Let $P(X)$ denote the set of polynomials $p:\mathbb{R} \to \mathbb{R}$, I found that the functional $\phi:P(X) \to \mathbb{R}$ such that $p \mapsto p(0)$ is linear but does not correspond to an inner product $\langle \cdot, v\rangle$. All these is done with the inner product $\langle f,g \rangle = \int_{0}^{1} f(x)g(x)dx$.

According to Riesz-Fréchet theorem, it should be the case except if $\phi$ is not continuous or $P(X)$ is not a Hilbert space with the given norm.

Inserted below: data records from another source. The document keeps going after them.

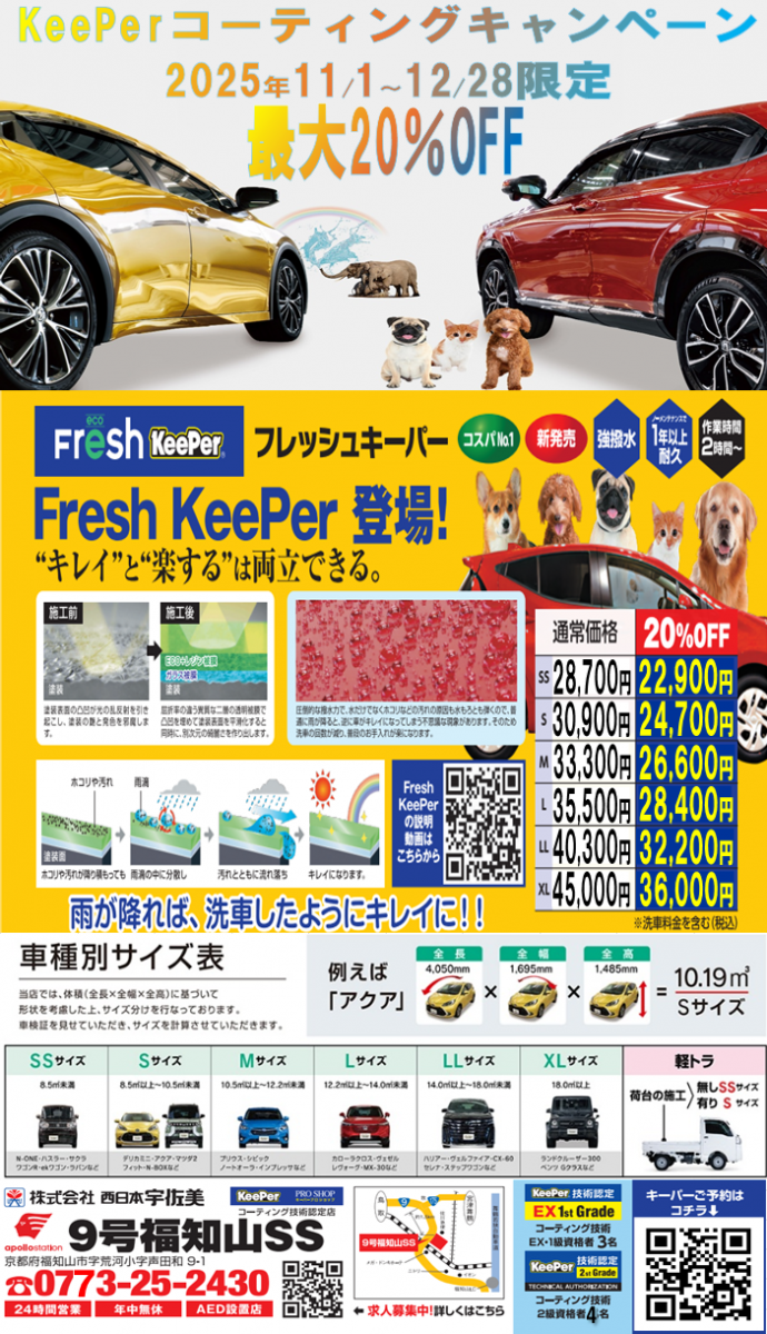 キーパープロショップ 宇佐美9号福知山SSをご覧頂きありがとうございます! カーコーティングや洗車、車のキレイに関する事はお気軽にご相談ください!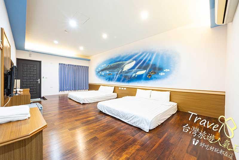 (鯨魚壁畫+藍窗簾) 寬敞四人房,溫暖木地板與舒適照明,是親子旅遊首選空間。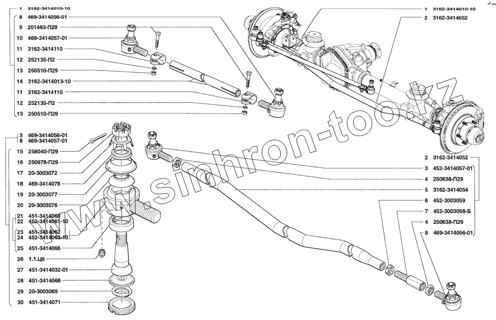 Каталог запасных частей к технике: УАЗ Patriot. Тяги рулевые

What is the problem in this case?

Answer 1

Of course $P(X)$ is not a Hilbert space, so the theorem does not apply.

And regardless, it's clear that $\phi$ is not continuous: Let $p_n(t)=(1-t)^n$. Then you can check that $||p_n||^2=\langle p_n,p_n\rangle\to0$ although $\phi(p_n)=1$ (so in fact $\phi$ is not given by the inner product with any vector in the completion of $P(X)$; not being continuous, there's no reason it should be.)

Answer 2

$P(X)$ is not an Hilbert space since it is not complete by Stone Weirstrass, every continuous function is a limit of a sequence of polynomials.

Answer 3

$P(X)$ is for the set of $L^2$ functions, a bit like what $\mathbb{Q}$ is for $\mathbb{R}$...